**ACTIVITY**
Copy the entries below word for word, minus the pictures.

**DATA SHOWN**
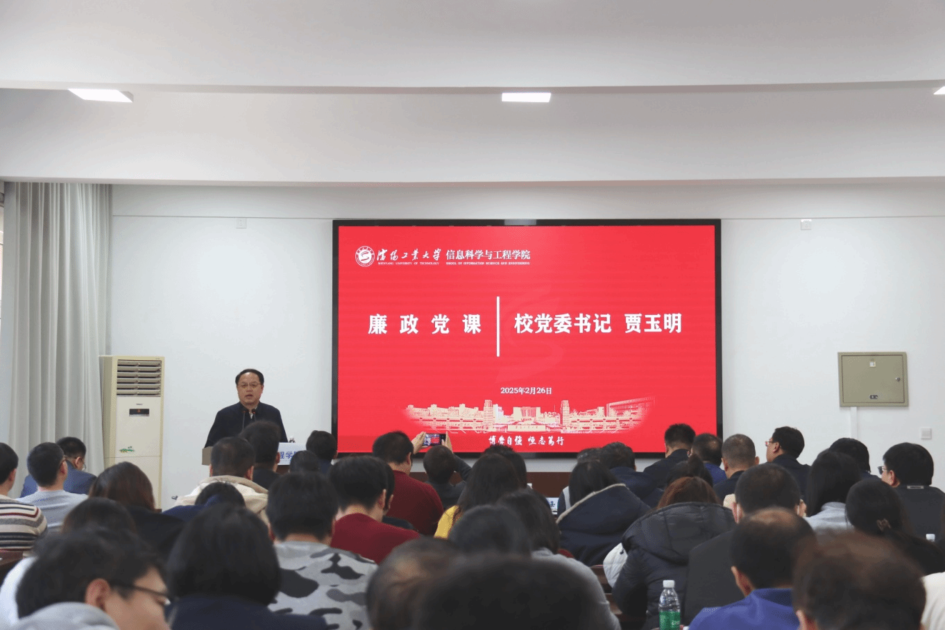 2 月 26 日下午,校党委书记贾玉明在学院 529 会议室为全院教师上了一堂生动的廉政党课。学院党委领导班子成员、党支部书记、各部门负责同志,以及百余名教师现场聆听了廉政党课。
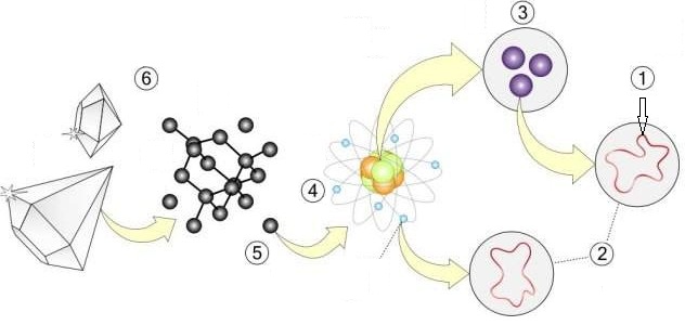 В "черных дырах" не теряется информация, там теряется дубликат. Теперь мы видим, что метагалактика стабильна и имеет определенные размеры. Метагалактики должны иметь определенные размеры, согласно основному закону периодичности – 12-й уровень (1025 метров). Метагалактика тождественна панковской частице: 1. Раскрытие тайны циферблата (число 12 и 5 секунд). 2. Функция распределения простых чисел, косвенно доказывает, что единица эквивалентна (тождественна) понятию "бесконечность". А именно: При n = 1 знаменатель становится равен нулю. В приближении сама дробь стремится к бесконечности. Единица имеет те же свойства что и бесконечности. 3. В основном законе периодичности замечаются следующие закономерности: ∙метагалактика явно имеет сферическую форму; ∙протоны и нейтроны имеют сферическую форму; ∙планеты и спутники имеют сферическую форму. Мы наблюдаем периодичность через четыре уровня. В дальнейшем мы увидим периодичность и у других уровней. Наглядно это можно изобразить так:
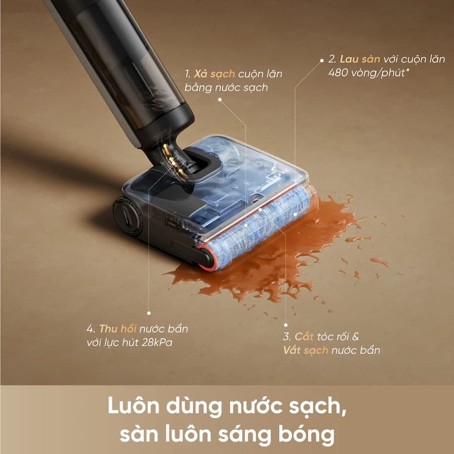 Sức mạnh làm sạch tuyệt đối (Lực hút 28.000 Pa): Đây là con số ấn tượng nhất, giúp máy không chỉ hút được bụi mịn mà còn xử lý tốt các loại rác nặng, chất lỏng đặc và mảnh vụn lớn trên sàn nhà một cách dễ dàng.
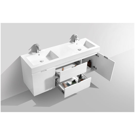 Bliss 60" Double Sink High Gloss White Wall Mount Modern Bathroom Vanity
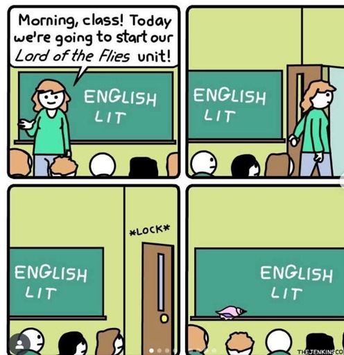 I both dislike the book and dislike this comic for missing the actual point of the book, which is not in fact, haha, this is what would actually happen and it’s just a group of random kids. It was specifically portraying british aristocratic children to criticize the colonizer mindset while discussing larger issues of human nature and civility and structure vs chaos.
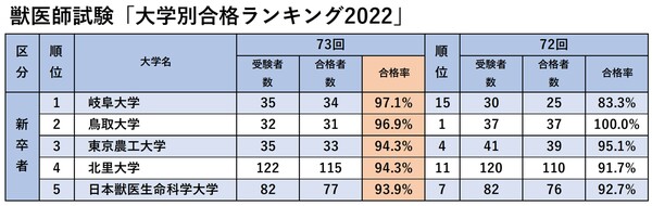 1位は岐阜大学で97.1%で、前年15位(83.3%)からの大躍進だ。2位は鳥取大学で96.9%で前年1位(100%)、3位は東京農工大学で94.3%で前年4位(95.1%)だった。以下、4位北里大学94.3%(前年11位、91.7%)、5位日本獣医生命科学大学93.9%(前年7位、92.7%)という結果だった。

**ANSWER SPACE**
 2 月 26 日下午,校党委书记贾玉明在学院 529 会议室为全院教师上了一堂生动的廉政党课。学院党委领导班子成员、党支部书记、各部门负责同志,以及百余名教师现场聆听了廉政党课。
 В "черных дырах" не теряется информация, там теряется дубликат. Теперь мы видим, что метагалактика стабильна и имеет определенные размеры. Метагалактики должны иметь определенные размеры, согласно основному закону периодичности – 12-й уровень (1025 метров). Метагалактика тождественна панковской частице: 1. Раскрытие тайны циферблата (число 12 и 5 секунд). 2. Функция распределения простых чисел, косвенно доказывает, что единица эквивалентна (тождественна) понятию "бесконечность". А именно: При n = 1 знаменатель становится равен нулю. В приближении сама дробь стремится к бесконечности. Единица имеет те же свойства что и бесконечности. 3. В основном законе периодичности замечаются следующие закономерности: ∙метагалактика явно имеет сферическую форму; ∙протоны и нейтроны имеют сферическую форму; ∙планеты и спутники имеют сферическую форму. Мы наблюдаем периодичность через четыре уровня. В дальнейшем мы увидим периодичность и у других уровней. Наглядно это можно изобразить так:
 Sức mạnh làm sạch tuyệt đối (Lực hút 28.000 Pa): Đây là con số ấn tượng nhất, giúp máy không chỉ hút được bụi mịn mà còn xử lý tốt các loại rác nặng, chất lỏng đặc và mảnh vụn lớn trên sàn nhà một cách dễ dàng.
 Bliss 60" Double Sink High Gloss White Wall Mount Modern Bathroom Vanity
 I both dislike the book and dislike this comic for missing the actual point of the book, which is not in fact, haha, this is what would actually happen and it’s just a group of random kids. It was specifically portraying british aristocratic children to criticize the colonizer mindset while discussing larger issues of human nature and civility and structure vs chaos.
 1位は岐阜大学で97.1%で、前年15位(83.3%)からの大躍進だ。2位は鳥取大学で96.9%で前年1位(100%)、3位は東京農工大学で94.3%で前年4位(95.1%)だった。以下、4位北里大学94.3%(前年11位、91.7%)、5位日本獣医生命科学大学93.9%(前年7位、92.7%)という結果だった。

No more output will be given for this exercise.